YOUR OBJECTIVE
Only one stretch of the records below should be repeated. It starts with the line containing "are predefined. You" and goes on through the line containing "技術の時間をちょっと覗きまし", exactly as written.

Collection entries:
══════════════════════════════
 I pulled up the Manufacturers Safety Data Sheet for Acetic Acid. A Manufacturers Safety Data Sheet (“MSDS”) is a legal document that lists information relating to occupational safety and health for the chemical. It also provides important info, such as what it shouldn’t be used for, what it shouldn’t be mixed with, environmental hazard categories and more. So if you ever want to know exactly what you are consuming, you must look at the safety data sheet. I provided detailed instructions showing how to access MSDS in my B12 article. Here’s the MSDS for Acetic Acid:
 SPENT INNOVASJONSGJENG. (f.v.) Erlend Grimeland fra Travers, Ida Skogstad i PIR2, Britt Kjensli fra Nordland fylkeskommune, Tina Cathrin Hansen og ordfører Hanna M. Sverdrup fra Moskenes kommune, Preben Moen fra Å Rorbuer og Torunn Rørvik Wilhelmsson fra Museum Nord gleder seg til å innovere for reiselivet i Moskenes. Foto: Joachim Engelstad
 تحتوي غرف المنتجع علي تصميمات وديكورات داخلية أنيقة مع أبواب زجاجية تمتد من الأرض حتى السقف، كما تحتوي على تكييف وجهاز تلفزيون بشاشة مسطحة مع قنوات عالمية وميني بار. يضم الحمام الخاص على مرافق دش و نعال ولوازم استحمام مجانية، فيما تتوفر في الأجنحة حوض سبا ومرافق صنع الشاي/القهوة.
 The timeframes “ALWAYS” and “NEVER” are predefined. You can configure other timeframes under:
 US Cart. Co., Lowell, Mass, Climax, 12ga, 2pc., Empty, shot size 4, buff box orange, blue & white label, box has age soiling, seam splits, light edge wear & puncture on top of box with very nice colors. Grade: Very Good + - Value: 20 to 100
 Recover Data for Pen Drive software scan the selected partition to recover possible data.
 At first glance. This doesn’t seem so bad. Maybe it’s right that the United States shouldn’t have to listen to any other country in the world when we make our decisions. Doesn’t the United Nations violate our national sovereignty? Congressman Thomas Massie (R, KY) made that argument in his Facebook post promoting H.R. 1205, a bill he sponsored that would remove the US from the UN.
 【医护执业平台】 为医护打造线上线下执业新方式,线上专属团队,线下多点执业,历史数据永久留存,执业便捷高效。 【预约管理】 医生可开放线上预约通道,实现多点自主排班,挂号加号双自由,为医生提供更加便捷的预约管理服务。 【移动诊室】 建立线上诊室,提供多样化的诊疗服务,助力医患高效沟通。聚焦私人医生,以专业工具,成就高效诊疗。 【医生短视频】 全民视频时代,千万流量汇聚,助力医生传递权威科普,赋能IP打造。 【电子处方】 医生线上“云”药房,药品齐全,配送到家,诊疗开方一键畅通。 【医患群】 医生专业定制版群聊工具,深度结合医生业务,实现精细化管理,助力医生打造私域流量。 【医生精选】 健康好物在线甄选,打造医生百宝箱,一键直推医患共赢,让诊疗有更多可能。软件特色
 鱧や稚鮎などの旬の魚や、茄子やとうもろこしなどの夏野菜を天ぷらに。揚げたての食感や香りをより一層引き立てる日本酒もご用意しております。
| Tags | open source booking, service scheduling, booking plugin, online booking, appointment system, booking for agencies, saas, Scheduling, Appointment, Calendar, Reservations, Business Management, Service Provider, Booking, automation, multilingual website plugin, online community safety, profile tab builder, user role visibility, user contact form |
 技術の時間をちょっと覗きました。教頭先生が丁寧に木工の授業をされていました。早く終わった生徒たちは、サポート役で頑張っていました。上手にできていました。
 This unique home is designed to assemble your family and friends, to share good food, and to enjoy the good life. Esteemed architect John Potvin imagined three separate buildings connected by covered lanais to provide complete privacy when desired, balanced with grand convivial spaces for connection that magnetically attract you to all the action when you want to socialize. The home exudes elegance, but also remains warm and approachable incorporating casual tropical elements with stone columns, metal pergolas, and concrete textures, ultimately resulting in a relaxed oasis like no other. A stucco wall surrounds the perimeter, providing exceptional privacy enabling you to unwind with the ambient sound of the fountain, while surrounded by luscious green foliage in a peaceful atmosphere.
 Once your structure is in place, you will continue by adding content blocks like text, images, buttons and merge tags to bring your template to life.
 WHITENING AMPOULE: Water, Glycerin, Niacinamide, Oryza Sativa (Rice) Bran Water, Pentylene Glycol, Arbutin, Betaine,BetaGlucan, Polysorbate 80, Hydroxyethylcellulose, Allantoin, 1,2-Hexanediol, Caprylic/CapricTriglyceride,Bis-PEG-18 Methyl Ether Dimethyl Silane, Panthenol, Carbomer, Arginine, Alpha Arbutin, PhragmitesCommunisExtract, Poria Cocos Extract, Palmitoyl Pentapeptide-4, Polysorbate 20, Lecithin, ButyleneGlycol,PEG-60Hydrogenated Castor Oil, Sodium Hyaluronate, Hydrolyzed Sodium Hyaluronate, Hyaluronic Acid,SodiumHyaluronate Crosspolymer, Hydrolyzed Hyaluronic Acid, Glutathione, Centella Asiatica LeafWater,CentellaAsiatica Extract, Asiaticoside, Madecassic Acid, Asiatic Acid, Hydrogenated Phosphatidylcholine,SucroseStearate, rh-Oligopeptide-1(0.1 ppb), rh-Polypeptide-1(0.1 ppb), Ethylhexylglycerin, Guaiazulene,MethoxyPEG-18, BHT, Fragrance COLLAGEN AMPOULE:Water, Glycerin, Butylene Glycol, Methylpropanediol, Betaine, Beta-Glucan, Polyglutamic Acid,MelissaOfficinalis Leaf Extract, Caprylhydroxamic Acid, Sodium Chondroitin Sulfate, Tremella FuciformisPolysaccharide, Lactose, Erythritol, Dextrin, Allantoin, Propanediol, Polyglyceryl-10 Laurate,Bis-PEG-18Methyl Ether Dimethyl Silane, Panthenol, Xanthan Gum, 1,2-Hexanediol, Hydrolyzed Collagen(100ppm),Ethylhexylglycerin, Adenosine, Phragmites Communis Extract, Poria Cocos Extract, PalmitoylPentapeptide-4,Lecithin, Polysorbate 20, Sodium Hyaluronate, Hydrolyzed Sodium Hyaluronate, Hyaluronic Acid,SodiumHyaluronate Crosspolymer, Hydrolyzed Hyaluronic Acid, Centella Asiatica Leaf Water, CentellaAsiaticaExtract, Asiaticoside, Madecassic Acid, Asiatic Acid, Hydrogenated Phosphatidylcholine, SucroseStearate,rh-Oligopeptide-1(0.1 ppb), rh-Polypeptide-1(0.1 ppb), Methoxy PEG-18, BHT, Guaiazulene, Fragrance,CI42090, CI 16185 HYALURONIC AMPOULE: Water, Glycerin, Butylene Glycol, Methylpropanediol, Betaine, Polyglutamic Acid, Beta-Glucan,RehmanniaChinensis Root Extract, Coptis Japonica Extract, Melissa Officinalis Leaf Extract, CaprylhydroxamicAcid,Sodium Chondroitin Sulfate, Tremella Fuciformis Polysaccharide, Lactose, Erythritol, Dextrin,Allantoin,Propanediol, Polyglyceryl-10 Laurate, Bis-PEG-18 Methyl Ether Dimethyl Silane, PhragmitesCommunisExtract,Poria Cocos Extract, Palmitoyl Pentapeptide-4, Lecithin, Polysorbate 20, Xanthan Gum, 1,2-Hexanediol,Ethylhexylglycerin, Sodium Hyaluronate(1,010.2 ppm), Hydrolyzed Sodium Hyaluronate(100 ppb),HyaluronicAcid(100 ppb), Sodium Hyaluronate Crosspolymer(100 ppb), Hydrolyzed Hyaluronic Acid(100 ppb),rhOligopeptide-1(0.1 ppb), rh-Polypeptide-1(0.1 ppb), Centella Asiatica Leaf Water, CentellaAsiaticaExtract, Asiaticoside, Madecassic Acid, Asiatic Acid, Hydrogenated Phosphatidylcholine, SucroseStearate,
══════════════════════════════
SOLUTION TO THIS TASK
 The timeframes “ALWAYS” and “NEVER” are predefined. You can configure other timeframes under:
 US Cart. Co., Lowell, Mass, Climax, 12ga, 2pc., Empty, shot size 4, buff box orange, blue & white label, box has age soiling, seam splits, light edge wear & puncture on top of box with very nice colors. Grade: Very Good + - Value: 20 to 100
 Recover Data for Pen Drive software scan the selected partition to recover possible data.
 At first glance. This doesn’t seem so bad. Maybe it’s right that the United States shouldn’t have to listen to any other country in the world when we make our decisions. Doesn’t the United Nations violate our national sovereignty? Congressman Thomas Massie (R, KY) made that argument in his Facebook post promoting H.R. 1205, a bill he sponsored that would remove the US from the UN.
 【医护执业平台】 为医护打造线上线下执业新方式,线上专属团队,线下多点执业,历史数据永久留存,执业便捷高效。 【预约管理】 医生可开放线上预约通道,实现多点自主排班,挂号加号双自由,为医生提供更加便捷的预约管理服务。 【移动诊室】 建立线上诊室,提供多样化的诊疗服务,助力医患高效沟通。聚焦私人医生,以专业工具,成就高效诊疗。 【医生短视频】 全民视频时代,千万流量汇聚,助力医生传递权威科普,赋能IP打造。 【电子处方】 医生线上“云”药房,药品齐全,配送到家,诊疗开方一键畅通。 【医患群】 医生专业定制版群聊工具,深度结合医生业务,实现精细化管理,助力医生打造私域流量。 【医生精选】 健康好物在线甄选,打造医生百宝箱,一键直推医患共赢,让诊疗有更多可能。软件特色
 鱧や稚鮎などの旬の魚や、茄子やとうもろこしなどの夏野菜を天ぷらに。揚げたての食感や香りをより一層引き立てる日本酒もご用意しております。
| Tags | open source booking, service scheduling, booking plugin, online booking, appointment system, booking for agencies, saas, Scheduling, Appointment, Calendar, Reservations, Business Management, Service Provider, Booking, automation, multilingual website plugin, online community safety, profile tab builder, user role visibility, user contact form |
 技術の時間をちょっと覗きました。教頭先生が丁寧に木工の授業をされていました。早く終わった生徒たちは、サポート役で頑張っていました。上手にできていました。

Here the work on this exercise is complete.